■ What to produce
Without copying any picture, return all lines below exactly.

Provided material Block Start

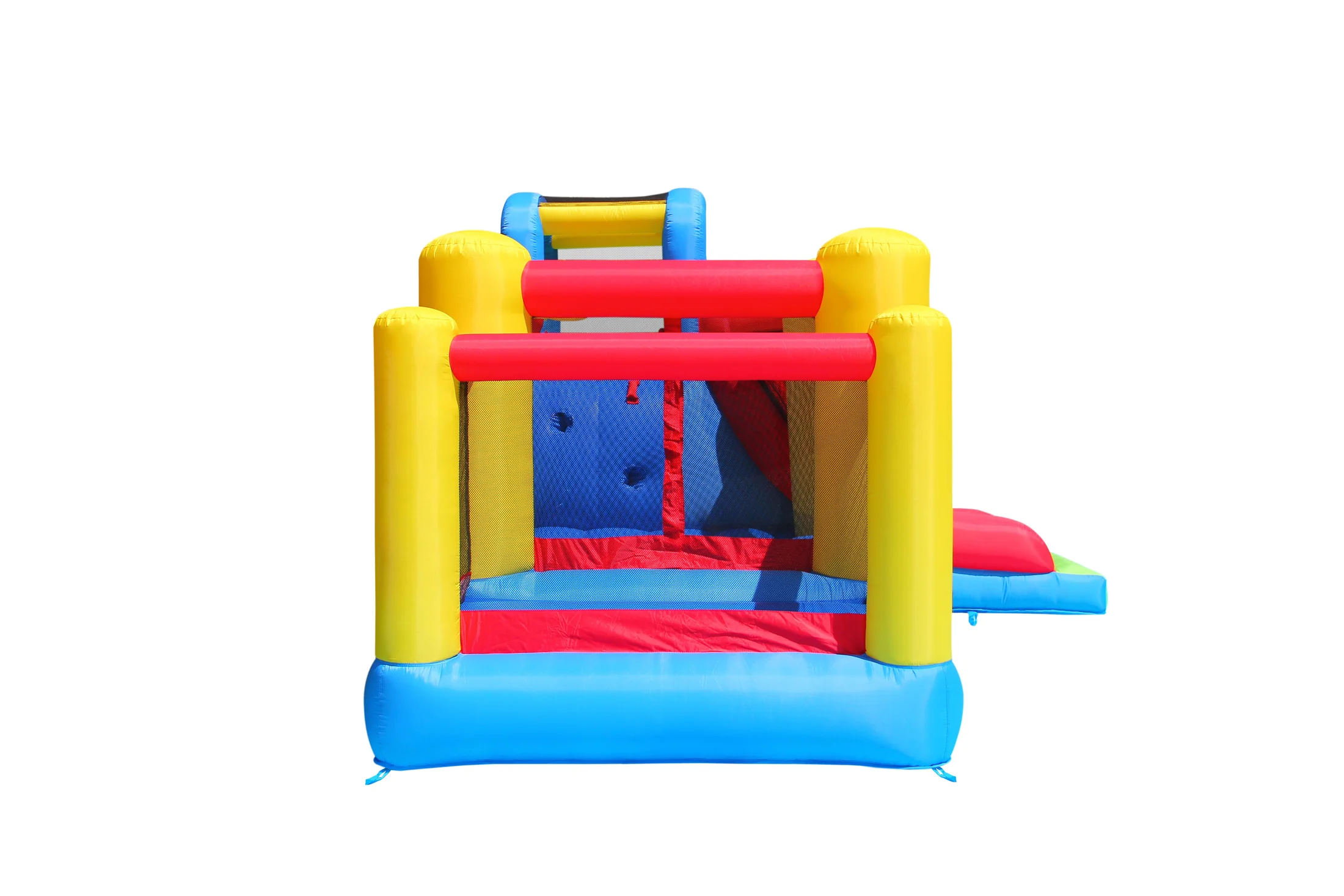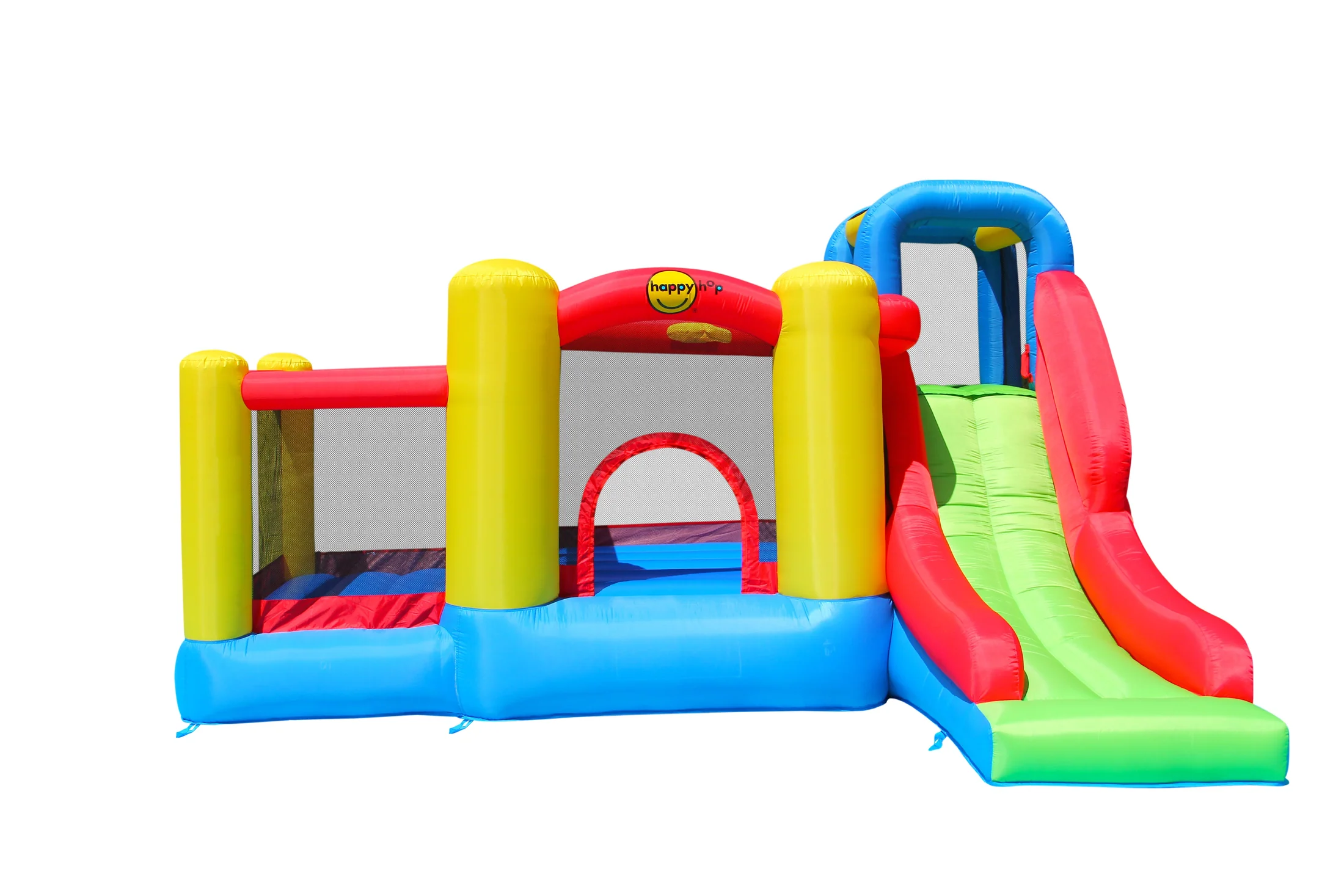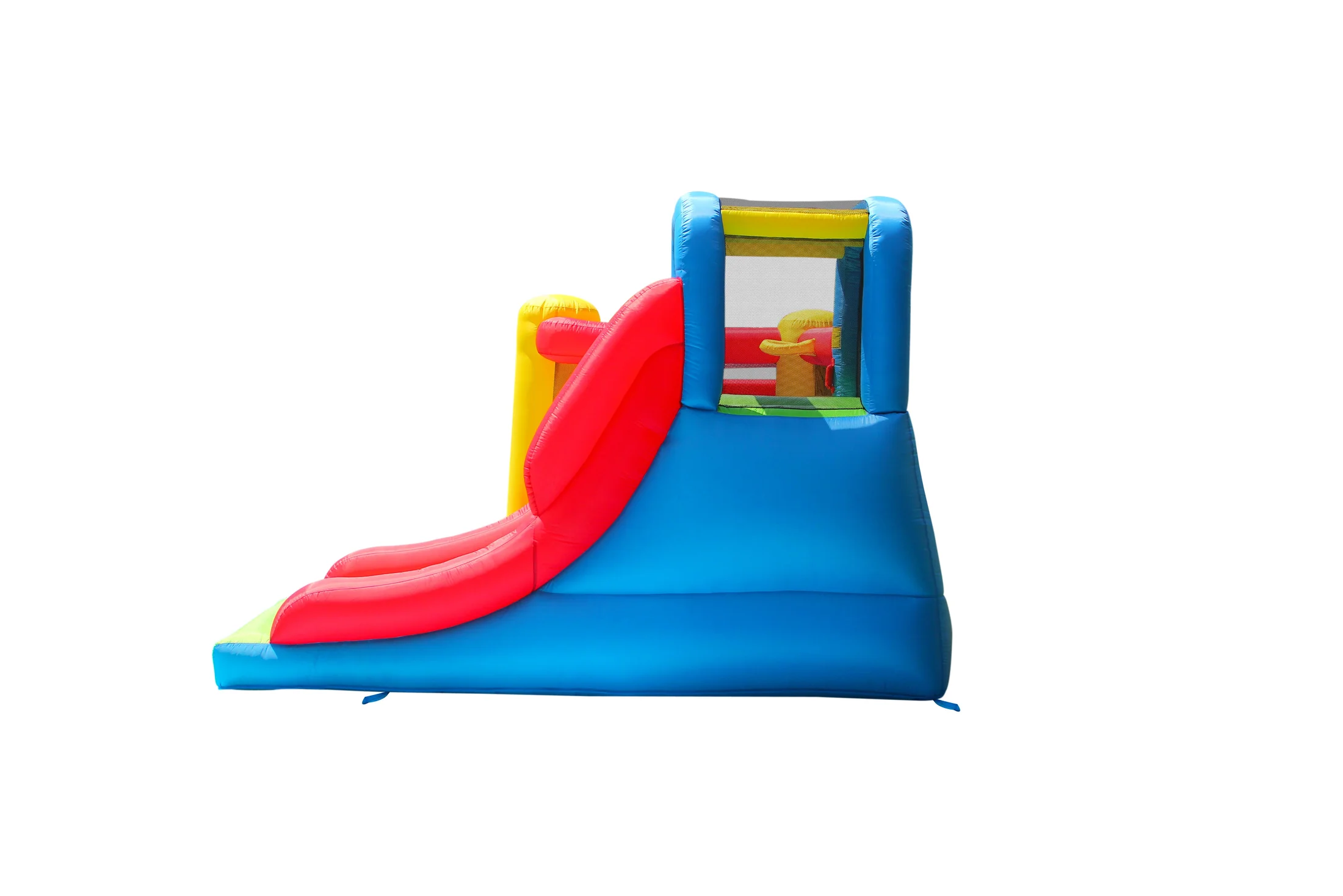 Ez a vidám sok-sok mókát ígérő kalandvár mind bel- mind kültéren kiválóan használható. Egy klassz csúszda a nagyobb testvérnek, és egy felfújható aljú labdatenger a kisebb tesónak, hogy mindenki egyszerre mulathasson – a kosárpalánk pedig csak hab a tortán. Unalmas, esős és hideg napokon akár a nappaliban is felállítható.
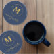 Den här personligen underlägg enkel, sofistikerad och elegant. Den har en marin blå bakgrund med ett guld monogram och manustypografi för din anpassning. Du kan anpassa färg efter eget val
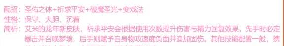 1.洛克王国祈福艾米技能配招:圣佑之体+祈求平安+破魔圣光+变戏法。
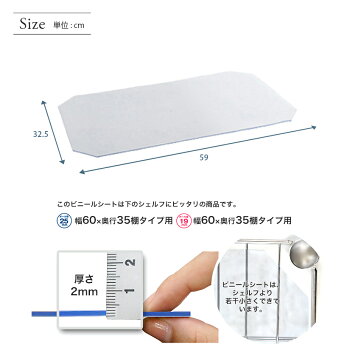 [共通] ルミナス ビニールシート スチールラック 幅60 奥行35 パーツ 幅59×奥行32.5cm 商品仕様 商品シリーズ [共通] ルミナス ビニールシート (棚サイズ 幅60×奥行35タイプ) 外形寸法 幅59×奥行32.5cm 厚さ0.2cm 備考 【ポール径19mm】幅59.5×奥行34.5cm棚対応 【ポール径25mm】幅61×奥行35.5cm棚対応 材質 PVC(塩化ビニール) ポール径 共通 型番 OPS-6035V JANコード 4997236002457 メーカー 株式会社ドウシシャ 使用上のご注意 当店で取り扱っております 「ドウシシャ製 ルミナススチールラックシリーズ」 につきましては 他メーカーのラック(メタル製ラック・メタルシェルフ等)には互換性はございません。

Provided material Block End

■ Completed exercise
 Ez a vidám sok-sok mókát ígérő kalandvár mind bel- mind kültéren kiválóan használható. Egy klassz csúszda a nagyobb testvérnek, és egy felfújható aljú labdatenger a kisebb tesónak, hogy mindenki egyszerre mulathasson – a kosárpalánk pedig csak hab a tortán. Unalmas, esős és hideg napokon akár a nappaliban is felállítható.
 Den här personligen underlägg enkel, sofistikerad och elegant. Den har en marin blå bakgrund med ett guld monogram och manustypografi för din anpassning. Du kan anpassa färg efter eget val
 1.洛克王国祈福艾米技能配招:圣佑之体+祈求平安+破魔圣光+变戏法。
 [共通] ルミナス ビニールシート スチールラック 幅60 奥行35 パーツ 幅59×奥行32.5cm 商品仕様 商品シリーズ [共通] ルミナス ビニールシート (棚サイズ 幅60×奥行35タイプ) 外形寸法 幅59×奥行32.5cm 厚さ0.2cm 備考 【ポール径19mm】幅59.5×奥行34.5cm棚対応 【ポール径25mm】幅61×奥行35.5cm棚対応 材質 PVC(塩化ビニール) ポール径 共通 型番 OPS-6035V JANコード 4997236002457 メーカー 株式会社ドウシシャ 使用上のご注意 当店で取り扱っております 「ドウシシャ製 ルミナススチールラックシリーズ」 につきましては 他メーカーのラック(メタル製ラック・メタルシェルフ等)には互換性はございません。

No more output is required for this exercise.